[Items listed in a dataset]
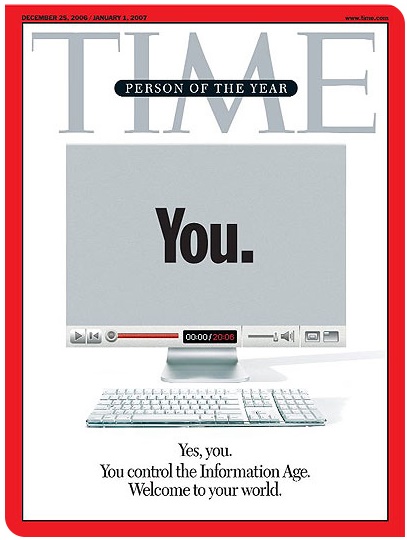 ▲ 2007년 1월 타임지 표지. 뉴욕의 <TIME>지는 2007년 ‘올해의 인물’로 유튜브(YouTube)와 당신(You)을 의미하는
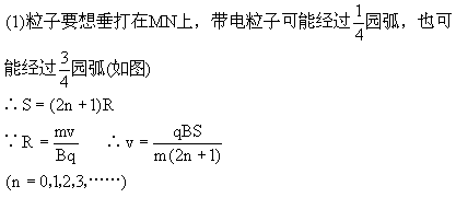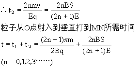 2、简答题 如图所示,x轴下方是磁感强度为B的匀强磁场,上方是场强为E的匀强电场,方向如图,屏MN距y轴为S,今有一质量为m、电量为q的正粒子(不计重力)从坐标原点O沿负y方向射入磁场,若要粒子垂直打在屏MN上,那么:
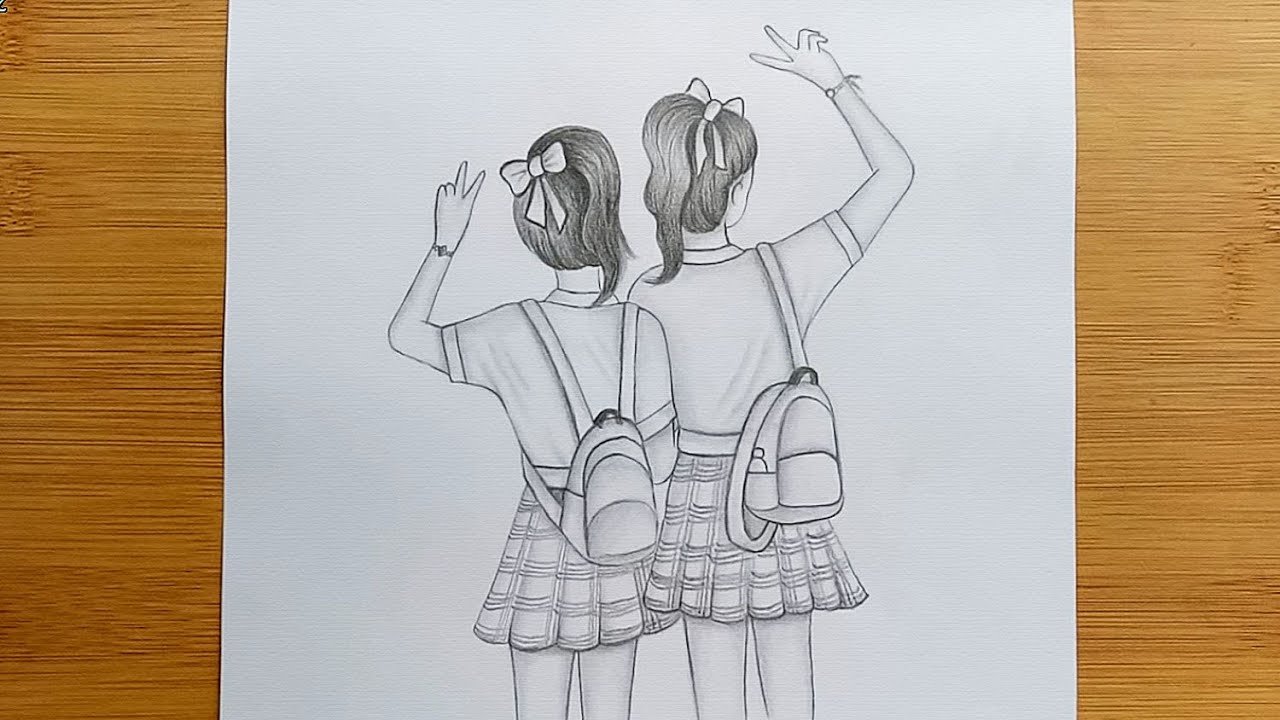 Две подруги рисунок карандашом
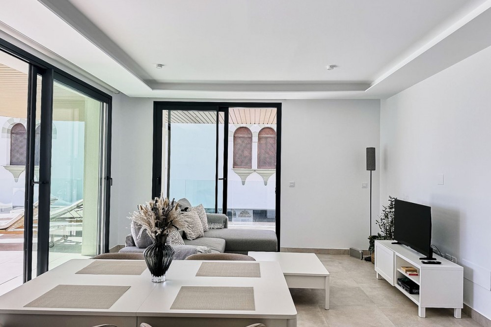 - Luxury Apartment in Jade Tower, Fuengirola Discover modern coastal living in this stunning 2-bedroom, 2-bathroom apartment with a spacious 57 m² terrace, located in the prestigious Jade Tower—one of Fuengirola’s most exclusive residential developments. Just steps away from the beach and the vibrant town centre, this resale property combines cutting-edge design, comfort, and a premium lifestyle. Property Highlights -Expansive open-plan living area with floor-to-ceiling windows and seamless access to the large terrace -57 m² terrace - perfect for al fresco dining, sunbathing and enjoying life with friends and family -Fully equipped contemporary kitchen with high-end appliances and sleek finishes -Master bedroom with en-suite bathroom and walk-in closet -Underfloor heating and air conditioning -Underground parking space and storage room included Exclusive Community Amenities Residents of Jade Tower enjoy access to world-class facilities, including: -Outdoor and indoor swimming pools -Spa with sauna and Turkish bath -Gym and yoga area -Co-working space and cinema room -24-hour security and concierge service Prime Location Ideally situated just 100 metres from Fuengirola’s golden beaches, this apartment offers easy access to shops, restaurants, and transport links, including the local train station connecting directly to Málaga Airport and city centre. A rare opportunity to own a resale property in one of the Costa del Sol’s most sought-after developments. Perfect as a permanent residence, holiday home, or investment opportunity. We have the keys for easy viewings. Contact us today for a viewing or more information.
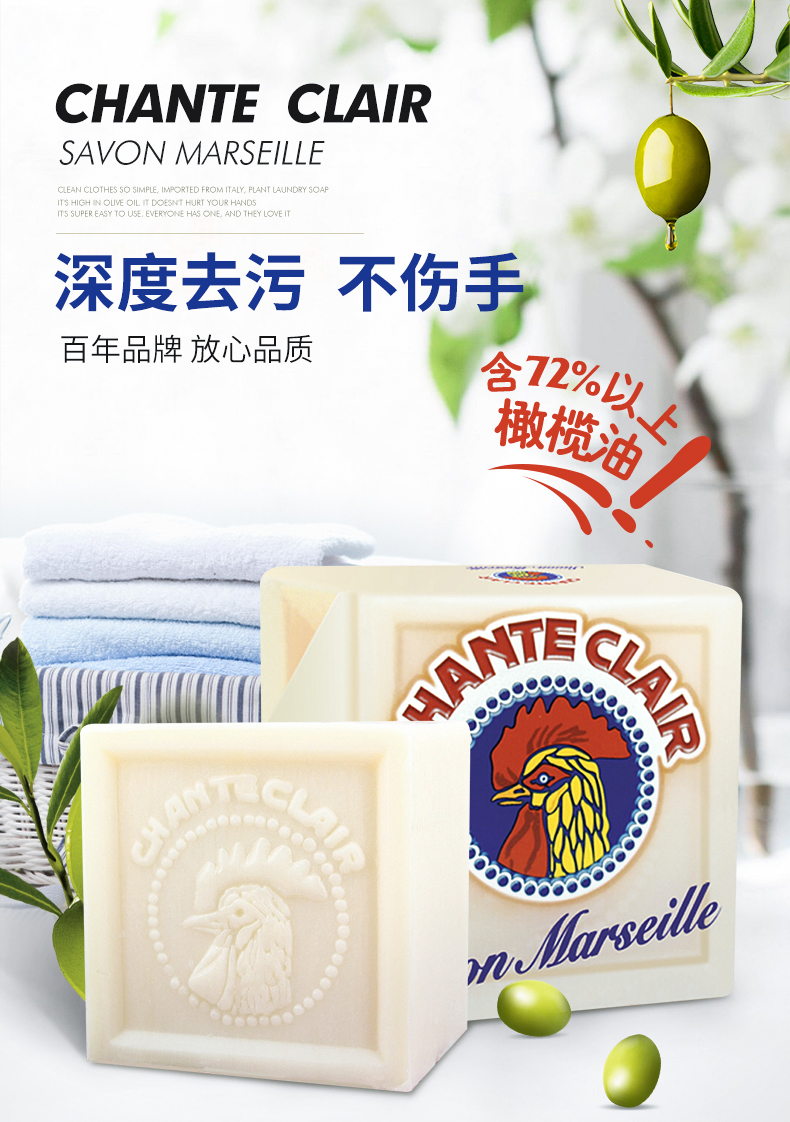 【3块装】CHANTECLAIR大公鸡管家马赛洗衣皂肥皂内衣皂 300g/块
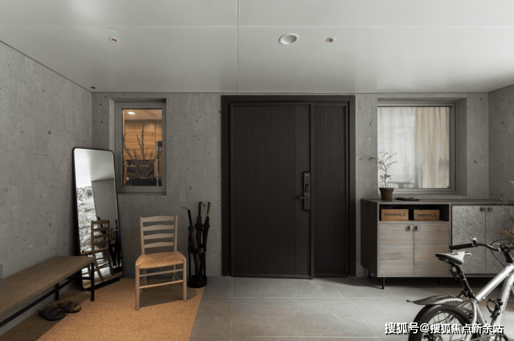 这个户型很罕见地在入户空间,预留了休息会客区域,这里作为舒适的多功能区域与室内室外都能衔接呼应。
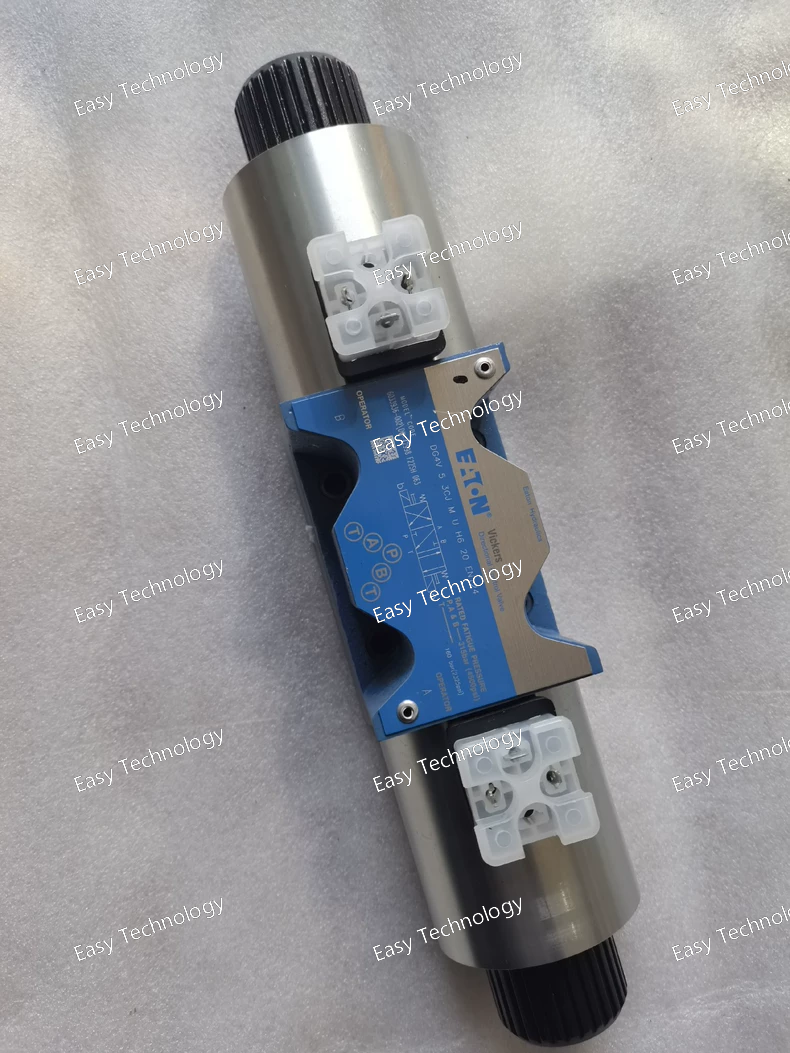 Technical Specifications Parameter Specification Notes / Interpretation Manufacturer / Series Eaton DG4V D05 / NG10 interface Model Number DG4V-5-3CJ-M-U-H6-20 Valve Type Directional Control Valve Number of Ways / Positions 4-Way, 3-Position Spring-Offset (Detented in 2 positions) Porting Size D05 (NG10) ISO 4401 standard Port Thread 3/4"-16 UNF Common for D05 size Actuation Type Solenoid Operated, Spring Return Single solenoid Solenoid Type Single Solenoid Wet-pin, DC version Spool Configuration -3CJ-: Tandem & Metered Float Pos1 (Spring): P→B & A→T & P→T Pos2 (Solenoid): P→A & B→T Spool Type -20: Industrial Spool Standard spool with critical center tolerances. Electrical Connection -H6: DIN 43650 Form A IP65-rated connector with manual override. Voltage Options Typically 12 VDC or 24 VDC Must be specified when ordering. The H6 connector is used for various voltages. Maximum Operating Pressure 350 bar (5,000 psi) Maximum Flow Rate ~ 38 L/min (10 US gpm) Dependent on pressure drop. Fluid Viscosity Range 10 to 380 cSt (50 to 1800 SUS) Fluid Type Mineral-based hydraulic oils, synthetics Compatible with standard hydraulic fluids. Temperature Range -20°C to +80°C (-4°F to +176°F) For hydraulic fluid. Seal Material Nitrile (NBR) Standard. Other options (e.g., FKM) may be available.
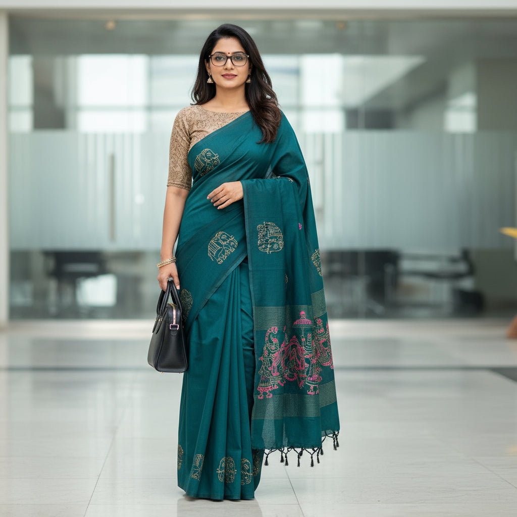 Paired with a contrasting beige blouse, this ensemble creates a sophisticated color palette that flatters various skin tones. Ideal for casual gatherings, festive occasions, or professional settings, this saree offers versatility without compromising on style.
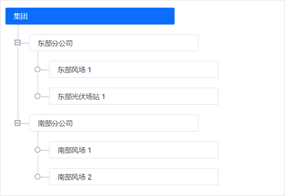 为组织结构节点关联资源后,节点即成为了资源在组织结构中的映射。例如组织结构中的“东部风场 1”节点即代表了现实中的“东部风场 1”场站。可在右侧节点详情面板中查看已关联的资源。
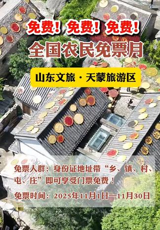 10月31日,天蒙景区一则“农民免票月”的推文引起网友关注,@全国农民朋友免票游玩。11月天蒙免票邀您登高赏金秋,为来年祈愿风调雨顺!

Task directions: Give back every entry word for word, and drop the pictures as you go.

Reply to the exercise:
 ▲ 2007년 1월 타임지 표지. 뉴욕의 <TIME>지는 2007년 ‘올해의 인물’로 유튜브(YouTube)와 당신(You)을 의미하는
 2、简答题 如图所示,x轴下方是磁感强度为B的匀强磁场,上方是场强为E的匀强电场,方向如图,屏MN距y轴为S,今有一质量为m、电量为q的正粒子(不计重力)从坐标原点O沿负y方向射入磁场,若要粒子垂直打在屏MN上,那么:
 Две подруги рисунок карандашом
 - Luxury Apartment in Jade Tower, Fuengirola Discover modern coastal living in this stunning 2-bedroom, 2-bathroom apartment with a spacious 57 m² terrace, located in the prestigious Jade Tower—one of Fuengirola’s most exclusive residential developments. Just steps away from the beach and the vibrant town centre, this resale property combines cutting-edge design, comfort, and a premium lifestyle. Property Highlights -Expansive open-plan living area with floor-to-ceiling windows and seamless access to the large terrace -57 m² terrace - perfect for al fresco dining, sunbathing and enjoying life with friends and family -Fully equipped contemporary kitchen with high-end appliances and sleek finishes -Master bedroom with en-suite bathroom and walk-in closet -Underfloor heating and air conditioning -Underground parking space and storage room included Exclusive Community Amenities Residents of Jade Tower enjoy access to world-class facilities, including: -Outdoor and indoor swimming pools -Spa with sauna and Turkish bath -Gym and yoga area -Co-working space and cinema room -24-hour security and concierge service Prime Location Ideally situated just 100 metres from Fuengirola’s golden beaches, this apartment offers easy access to shops, restaurants, and transport links, including the local train station connecting directly to Málaga Airport and city centre. A rare opportunity to own a resale property in one of the Costa del Sol’s most sought-after developments. Perfect as a permanent residence, holiday home, or investment opportunity. We have the keys for easy viewings. Contact us today for a viewing or more information.
 【3块装】CHANTECLAIR大公鸡管家马赛洗衣皂肥皂内衣皂 300g/块
 这个户型很罕见地在入户空间,预留了休息会客区域,这里作为舒适的多功能区域与室内室外都能衔接呼应。
 Technical Specifications Parameter Specification Notes / Interpretation Manufacturer / Series Eaton DG4V D05 / NG10 interface Model Number DG4V-5-3CJ-M-U-H6-20 Valve Type Directional Control Valve Number of Ways / Positions 4-Way, 3-Position Spring-Offset (Detented in 2 positions) Porting Size D05 (NG10) ISO 4401 standard Port Thread 3/4"-16 UNF Common for D05 size Actuation Type Solenoid Operated, Spring Return Single solenoid Solenoid Type Single Solenoid Wet-pin, DC version Spool Configuration -3CJ-: Tandem & Metered Float Pos1 (Spring): P→B & A→T & P→T Pos2 (Solenoid): P→A & B→T Spool Type -20: Industrial Spool Standard spool with critical center tolerances. Electrical Connection -H6: DIN 43650 Form A IP65-rated connector with manual override. Voltage Options Typically 12 VDC or 24 VDC Must be specified when ordering. The H6 connector is used for various voltages. Maximum Operating Pressure 350 bar (5,000 psi) Maximum Flow Rate ~ 38 L/min (10 US gpm) Dependent on pressure drop. Fluid Viscosity Range 10 to 380 cSt (50 to 1800 SUS) Fluid Type Mineral-based hydraulic oils, synthetics Compatible with standard hydraulic fluids. Temperature Range -20°C to +80°C (-4°F to +176°F) For hydraulic fluid. Seal Material Nitrile (NBR) Standard. Other options (e.g., FKM) may be available.
 Paired with a contrasting beige blouse, this ensemble creates a sophisticated color palette that flatters various skin tones. Ideal for casual gatherings, festive occasions, or professional settings, this saree offers versatility without compromising on style.
 为组织结构节点关联资源后,节点即成为了资源在组织结构中的映射。例如组织结构中的“东部风场 1”节点即代表了现实中的“东部风场 1”场站。可在右侧节点详情面板中查看已关联的资源。
 10月31日,天蒙景区一则“农民免票月”的推文引起网友关注,@全国农民朋友免票游玩。11月天蒙免票邀您登高赏金秋,为来年祈愿风调雨顺!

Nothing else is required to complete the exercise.